Ding, Ring, Buzzer, Text etc. etc. etc. Whether it’s timers, clocks, calendars or actual people — — — — — take a break. I remember the night when I knew I had to have an unlisted, unpublished phone number. It was in the 1970’s, long before the instant availability of the computer. My public circle was a volume problem, but it was my inability to set boundaries and say “no” that was hardest to deal with. My very close, intimate friends would expect that they were the one that could reach me – all 70 of them. Therein was the challenge.
It took time and it took courage and grit, but I had the talk with everyone and shared that I needed space. That was the beginning of my unavailability, unless prearranged or by appointment. In the many years since, I still have those same boundaries on all interaction I have with friends, work and outside my family. I appreciate e-mail because of the choices it gives of when to read or respond. My life became manageable. All my closest friends (even from the 70’s) have somewhat adopted this style and we are closer than ever.
My son taught me the word “savor”. It’s become a very important word to me. When I am “on the phone” – that’s all that I do. I focus and savor. When I take a walk – that’s all that I do.I| focus and savor. When I eat, I slow down and savor each bite and swallow – I focus. When I work, I am intense and work. I savor and focus. When the day is over —— I have had time to savor, and body and soul are fulfilled.
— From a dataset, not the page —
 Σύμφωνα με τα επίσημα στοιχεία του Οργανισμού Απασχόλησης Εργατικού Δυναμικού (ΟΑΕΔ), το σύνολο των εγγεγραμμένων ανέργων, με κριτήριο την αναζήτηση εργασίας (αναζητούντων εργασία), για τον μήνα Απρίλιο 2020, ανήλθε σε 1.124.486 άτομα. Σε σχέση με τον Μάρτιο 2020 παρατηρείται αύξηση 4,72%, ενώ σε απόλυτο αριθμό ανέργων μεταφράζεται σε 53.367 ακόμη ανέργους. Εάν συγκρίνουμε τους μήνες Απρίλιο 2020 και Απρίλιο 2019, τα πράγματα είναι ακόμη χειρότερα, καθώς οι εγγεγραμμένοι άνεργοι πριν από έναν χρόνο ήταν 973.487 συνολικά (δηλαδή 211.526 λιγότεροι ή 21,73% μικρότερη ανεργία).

I have learned to say “no” right away – not later. My lifestyle is full and there will never be enough of anyone to go around (me included). Picking and choosing is a part of learning the process to savor. Marie Kondo has done it with “stuff”. It can be done with digital, phone calls, requests, time and people.
Am I perfect —NO.
Do I savor most of the time — YES.
Do my friends love me? – WIN SOME, LOSE SOME.
Bottom line. They sort themselves out. I will always appreciate our times together, but it’s an evolving story. I am enjoying health, love, family and am becoming the best caregiver I know how to be.
TURN OFF (the demands) TUNE IN (to yourself & your needs).